「ずっと好きだったんです」

「あー、うん、気持ちは嬉しいんだけど...ごめんね」


なんともテンプレートな告白を受けいつものように断る。教室へ戻ろうとすると、


「相変わらず厳しい優しさだな、比奈村」

「柳、いたのか」


校舎の影から、我等が参謀柳蓮二が姿を見せた。


「歩いていたら目に入ったものでな。これから教室へ戻るのだろう、一緒に行かないか」

「ん、行く。......」

「どうした?」

「なあ柳、」

「何だ」

「好きって、どういう事だ?」

「どういう...とは」

「俺さ、分からないんだよ。人を恋愛感情で好きになるって事が」

「...聴こう」

「ありがとう。...そりゃ、好みとか訊かれれば答えるけどさ。いざ好きになるっていうと、どんな感じか分からない。

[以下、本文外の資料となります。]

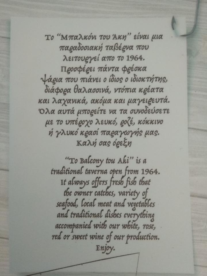 The Balcony of Akis is a traditional tavern operating since 1999.

家族や友人とは違う、って理屈では分かってるけど、気持ちが分からない」

「ほう...」

「だから告白してきてくれる子の気持ちって、ありがとうとか言っときながら本当はよく分かってないんだ。振られた時の辛さとか、叶った時の嬉しさとか」

「...そうか」

「本当に、本当に分からないんだよ。何であの子振ったの、いい子だったのに、とか言われても困る。好きになれないから振ったんだ、おかしいか?好きな奴に同情で付き合ってもらって、嬉しいのか?なあ、柳は?柳は知ってるか?恋するとどんな感じだ?そいつを想うと胸が苦しくなるって、どんな感じだ?なあ、なあ、なあ、なあ...」

「      」


何かをぽつりと呟くと、比奈村の体を引き寄せ、力強く抱きしめた。


「んむ、」

「比奈村」


掠れたような声で呼ばれる名前。心臓が跳ねた。


「...比奈村」

「やな、ぎ?」

「俺は、お前に恋をしている」

「え、」

「好きだ」

「あの、柳、それ、」


突然の告白。何故この流れで、何故今。戸惑っていると、喉からくつくつと笑い声。


「...どうだ?」

「え?」

「今の抱擁だ。吊り橋効果を知っているな?今の動悸を恋と勘違いすれば、恋愛感情が分かるやもしれない」

「からかうな!」

「お前が訊いてきたんだろう」

「阿呆!」

「阿呆とはなんだ阿呆とは。人の親切心を」

「うるさい!」


ぶっきらぼうに突き放す。その行動からは赤く染まった顔も、彼の体を支配している動悸も、可笑しそうに笑う声は気づかない。